ТОП просматриваемых книг сайта:
За честь культуры фехтовальщик. Елена Гушанская
Читать онлайн.Название За честь культуры фехтовальщик
Год выпуска 2016
isbn 978-5-4469-0862-2
Автор произведения Елена Гушанская
Жанр Языкознание
Издательство Князев Сергей Иванович
Бедные, наивные люди 1970-х годов, В. Высоцкий с А. Эфросом совсем ничего не знали, как оно бывает с недвижимостью. Казалось, что если Лопахин – «поэт», то и вина его «поэтическая».
Л. Додин с Д. Козловским знают. У них есть опыт оскотинивания капитализмом. Они не строят иллюзий. Д. Козловский доводит до хрестоматийного блеска образ постсоветского нувориша. У Данилы Козловского Лопахин – «пацан». Пластика актера есть квинтэссенция созданного за последние двадцать пять лет социального типа: «пацанство» – это когда жажда превосходства берет верх над всеми другими чувствами и даже над разумом. Лопахин движим бессознательной жаждой реванша. Трагедия героя и времени, которое его породило, в том, что жажда эта не отрефлексирована, она физиологически стихийна и страшна, как всякое проявление массового бессознательного. Лопахин, единственный и неповторимый Лопахин, у Козловского – человек толпы, он не индивидуален.
За четверть века новейшей истории социальная и психофизическая структура общества определилась. В качестве героя нашего времени, героя-деятеля, вновь утвердился харизматичный отъемщик чужого, на скорую руку отмытая и слабо окультуренная шпана. Новый Лопахин не отягощен культурной памятью и культурным багажом. Нынешний Лопахин движим бессознательной жаждой социального реванша.
Лопахин сам для себя – воплощенье своей мечты. На нем костюм «цвета сливочного мороженого», шляпа лучших кинематографических образцов. Как уточняет С. Николаевич[16], верблюжье пальто, как у Марлона Брандо, и шляпа, как у Алена Делона. Но даже для тех, кто не распознает цитаты, костюм Лопахина абсолютно семиотичен.

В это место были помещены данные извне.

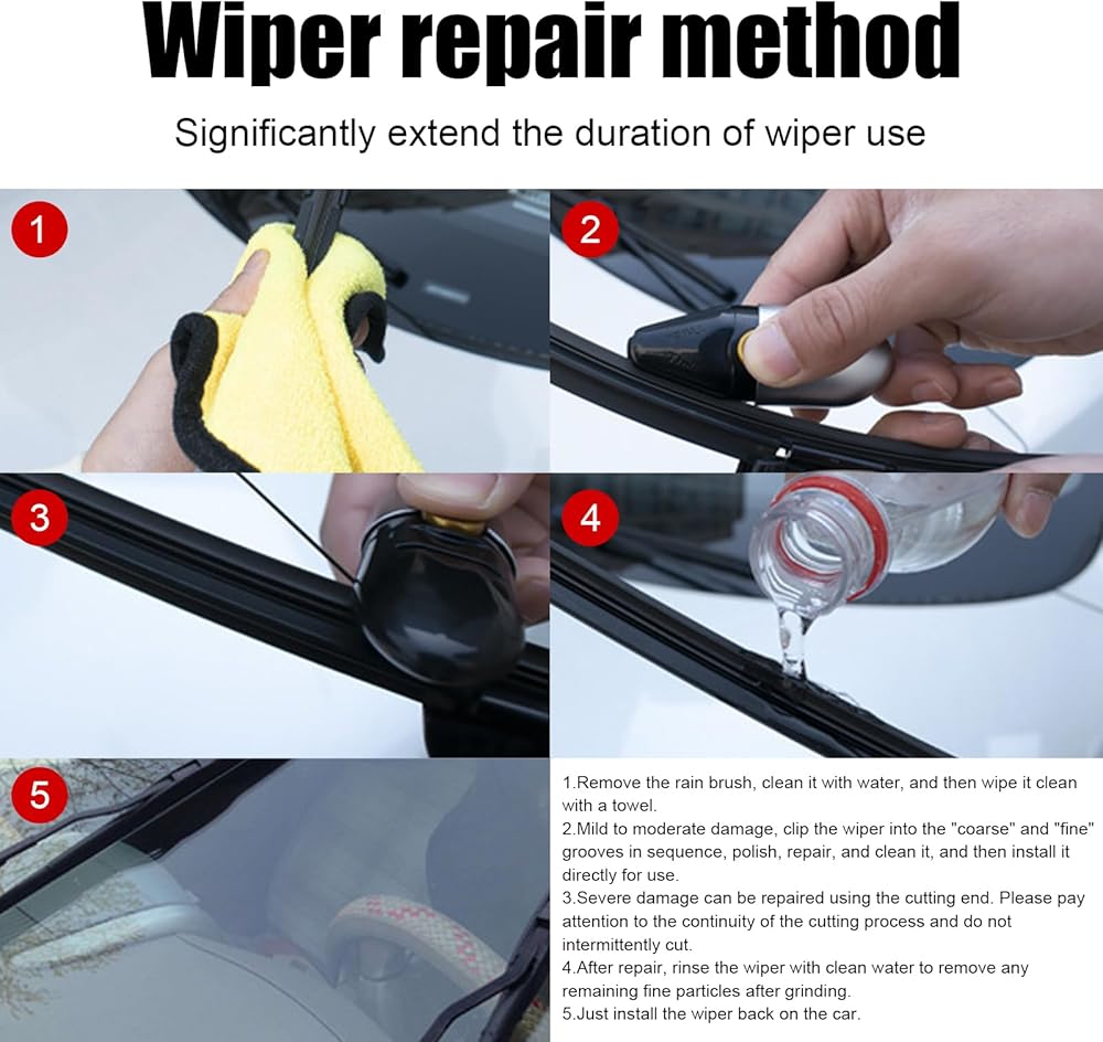 Precise Repair: Car wiper repair device has grooves that fit the wiper design for more accurate cutting of damaged parts of scratched wipers. Two-way sandpaper for finer sanding. Two processes, one coarse and one fine, for different wear and tear repair. Thick side is suitable for removing dirt, oil and debris from wipers. The thin side is used to repair aging wipers.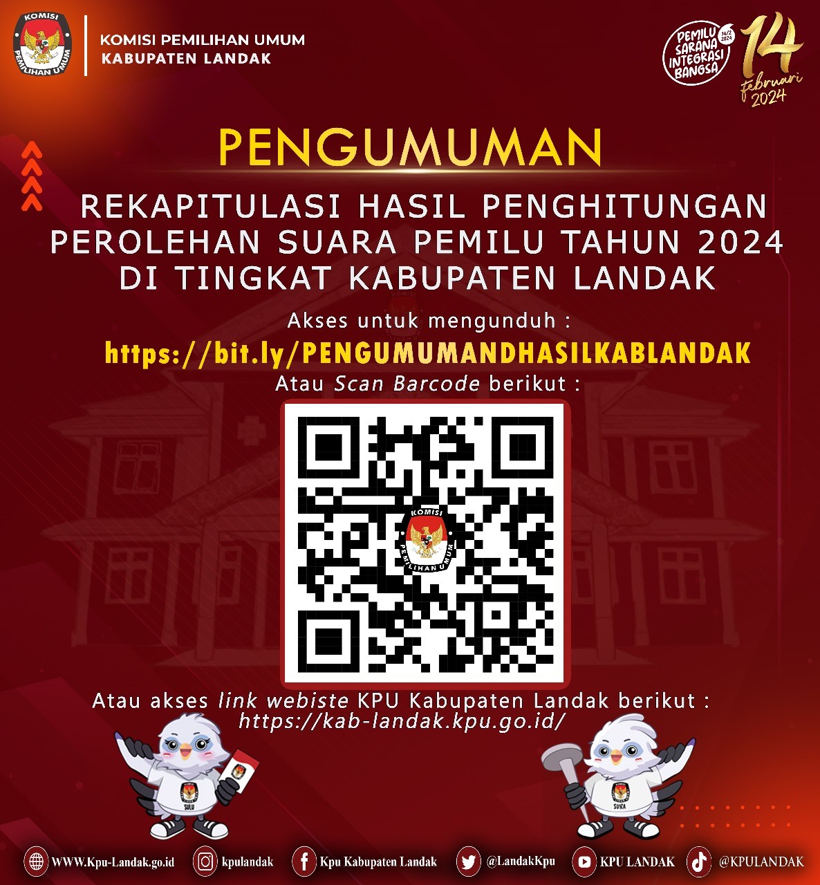 PENGUMUMAN REKAPITULASI HASIL PENGHITUNGAN PEROLEHAN SUARA PEMILU TAHUN 2024 DI TINGKAT KABUPATEN LANDAK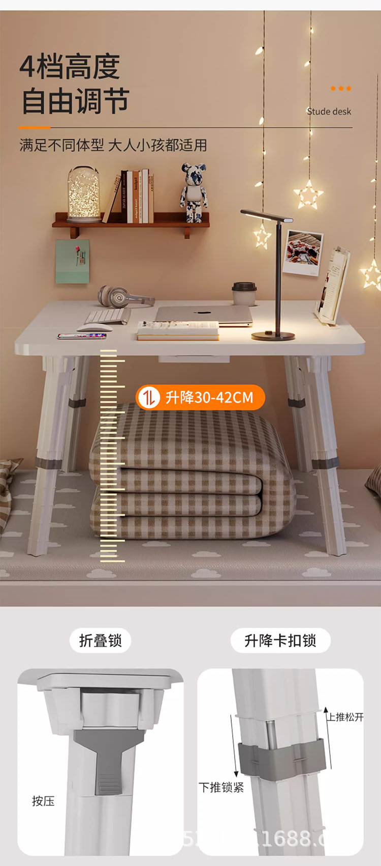 조절 가능한 침대 작은 테이블 컴퓨터 책상 학생 연구 테이블 접이식 테이블 기숙사 책상 어린이 독서 테이블 베이 창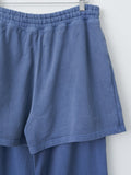 Layered sweatpants featuring a wide-leg fit with built-in shorts on top. The custom-developed fabric is midweight, knit from open-end cotton yarns for a vintage-like texture, and finished with a softly brushed lining for warmth. An inner ribbed layer exists under the shorts to create the look of layering without the bulk of actual layers. Details include an elasticated waist with drawstrings, side pockets, and an adjustable drawcord hem.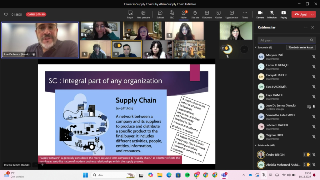 18 Aralık Çarşamba akşamı, Atılım Supply Chain Initiative öğrenci topluluğu, kıdemli bir tedarik zinciri ve lojistik yöneticisi olan Jose De Lemos'u bir webinarda ağırlama onuruna erişti. Webinarın konusu “Tedarik Zincirlerinde Kariyerler”di. Jose De Lemos, sektördeki 40 yıllık kapsamlı deneyiminden, Warner-Lambert, Pfizer ve Viatris gibi önde gelen şirketlerdeki çalışma deneyimlerinden bahsetmek üzere öğrencileri kariyerinin farklı bölümlerinde gezdirdi. Ardından, başarılı bir kariyerin anahtarlarını açıklayarak tedarik zinciri yöneticisi olmak isteyenlere tavsiyelerde bulundu. Esnek yönetim becerilerinin önemi, sektör farkındalığı ve uzun vadeli başarıyı garantilemek için her zaman bir büyüme zihniyetine sahip olmanın nasıl sağlanacağı hakkında konuştu. Weinarın sonuna doğru, çeşitli bölümlerden öğrencilerin yanı sıra bazı akademik personel de dahil olmak üzere katılımcıların birçok sorusunu yanıtladı. Sorulan soru sayısı toplantının süresini biraz artırsa da 61 canlı izleyici ve 86 kayıtlı katılımcıyla başarılı bir etkinlik gerçekleştirildi. Değerli vakti için Jose De Lemos'a ve ilgileri için öğrencilere ve Atılım Supply Chain Initiative danışmanı hocamız Dr. Öğr. Üyesi Esra Hasdemir başta olmak üzere webinara katılan tüm akademik kadromuza teşekkür ediyoruz.
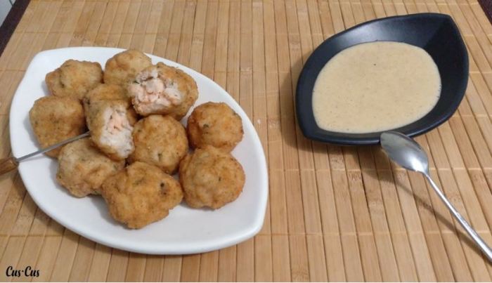 - Hacemos bolitas, rebozamos en harina y freímos en abundante AOVE. Escurrimos sobre papel absorbente.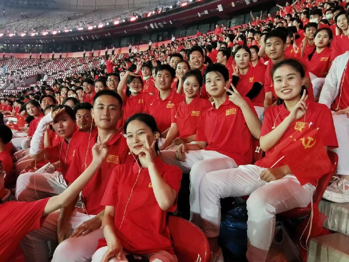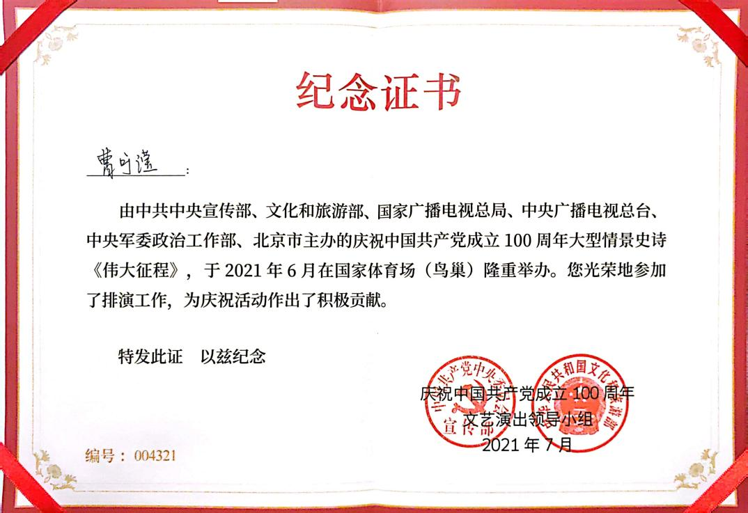 2021年7月,曹可滢作为合唱团成员,参与了庆祝中国共产党成立100周年大型情景史诗《伟大征程》演出。45天的集中训练、13次校内合练、4次全天彩排、2次全程预演,面对考试压力和疫情阻力,曹可滢和队友们没有退缩,反而愈挫愈勇。在6月25日晚的演练中,北京突降暴雨。当时演员们正在舞台上排演,舞台湿滑、演员跌倒,但只要没有命令,就没有一位演员停止动作。倾盆的大雨透过鸟巢的钢结构骨架,飘洒在运动场和观众席上。在合唱的轮换间隙,曹可滢和其他观众席上的志愿者们为他们加油喝彩,用呐喊和口号相互支持。现场每人心中那份坚韧不屈的精神和使命感同频共振,在她的心里久久回荡。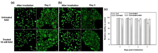 Fluorescence microscopy images of live (green)/dead (red) staining of A431 cells irradiated by two-photon laser after 3 days. Images of (a) GNP-treated cells with or without 10-mM NAC, and (b) the control group (not treated with GNPs) with or without 10-mM NAC. (c) The cell viability versus days of post-irradiation (0, 1, 2, 3).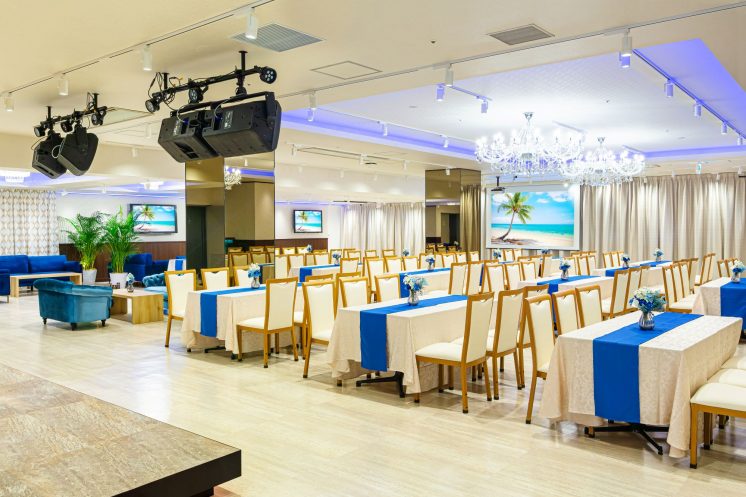 ビッグターミナル横浜駅から徒歩4-5分の好立地にあるバリ風リゾート空間。広さ218㎡、天井高2.9mの開放的な会場で、着席最大120名、立食最大250名まで対応可能。2フロア貸切で最大350名様まで!150インチの大型スクリーン、音響・照明設備、大型ステージを完備し、表彰式や会議、懇親会、結婚式二次会など多彩なイベントに対応!ダーツを設置も行っており、パーティーをさらに盛り上げます♪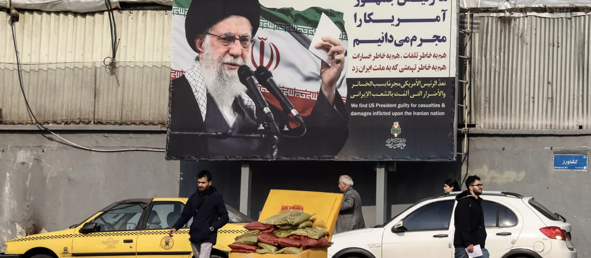 Un cartel en Teherán muestra el líder supremo de Irán Alí Jamenei

Торжество покупки Д. Козловский проводит блистательно. Красавчик, одетый по голливудским стандартам, он мечется по дому (по зрительному залу), выкрикивая слова, о смысле которых не подозревал. Он будто вдруг обнаружил, что прекраснее этого сада нет ничего на свете, что он взял реванш за всех своих ничтожных предков, что он только теперь осознал себя человеком. Он забыл о Раневской, о своей любви. Недвижимость, овеянная легендарной славой, оказалась притягательнее, чем женщина-мечта. Полубезумный, взмокший от пота, он топочет, вбивая каблуки в пол с грохотом, напоминающим стук топора. Его «не вернешь теперь» не имеет оттенка жалости, тут «не вернешь» – баста! Моё! А что до «скорее бы всё прошло», так ведь жизнь – жестокая штука, сердце разрывается ежечасно: но социальный реванш сулит больше, чем женщина.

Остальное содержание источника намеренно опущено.